Because I need some of that vagueness now
It's all come back too clearly
Yes I loved you dearly
And if you're offering me diamonds and rust
I've already paid 


 It gets to the point where you do not want diamonds anymore... cause you really believe there are none.... but if you try, see, you can get pretty good at polishing rust.

11 comments:

S.W. Anderson said...

Bravo. Very well done.

Squatlo said...

I'm going to try this again, was told "service unavailable" with my first comment. Hope I'm not stuttering here...

I wrote that this was beautiful, and you should do it for a living.

Really well written post.

Sue said...

Beautiful Jim, really beautiful. You got alota 'stuff' don't you.

nonnie9999 said...

why, you're just a big ol' squishy romantic, okjimm!

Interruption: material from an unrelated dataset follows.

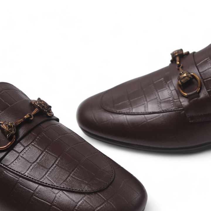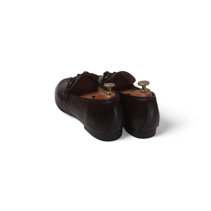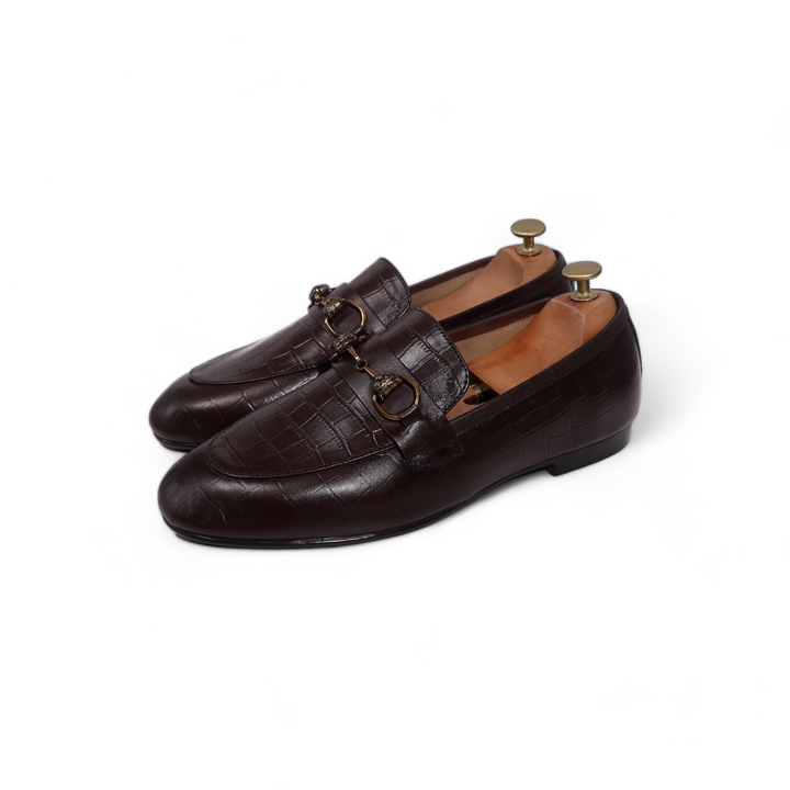 Brown shoes with a printed leather, featuring a durable rubber sole for comfort and grip. The distinctive printed adds a touch of luxury and texture, elevating the classic design. Perfect for adding a stylish edge to both formal and casual outfits, these shoes combine sophistication with practicality.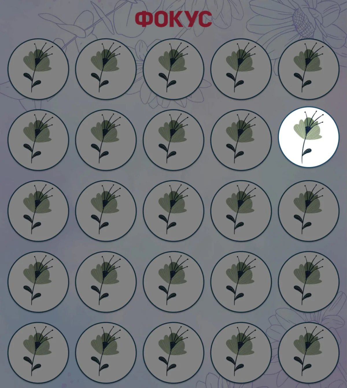 Так как — Вам удалось найти отличный цветок от других? Сколько времени вам понадобилось? Пишите в комментариях или делитесь головоломкой с друзьями!

p.s. stop by the raisin if you can. i have a post dedicated to you.

okjimm said...

......Thanks...having an annual moment...back on monday

Anonymous said...

Be at peace, man. Heartbreak is itchy clothing - always in the background.

Gavrillo said...

Man, I got a brimful of tears feeling what you wrote. That bridge one of seven?

Randal Graves said...

You bastard, this was bloody swanky.

(didn't want to use Judas Priest's version of the tune, huh.)

okjimm said...

SDS... yes it is...

G'rillo.... probably... all roads have at least seven....but six of them do not make sense.

Randal... hmmm... what church does Judas Priest attend?


..... still got the monday funks... it will pass.

Will "take no prisoners" Hart said...

Citrines and yellow sapphires are a very workable compromise, I think.

S.W. Anderson said...

You're having an "annual moment"?

No oneupmanship intended, but I have them much more often than that. ;)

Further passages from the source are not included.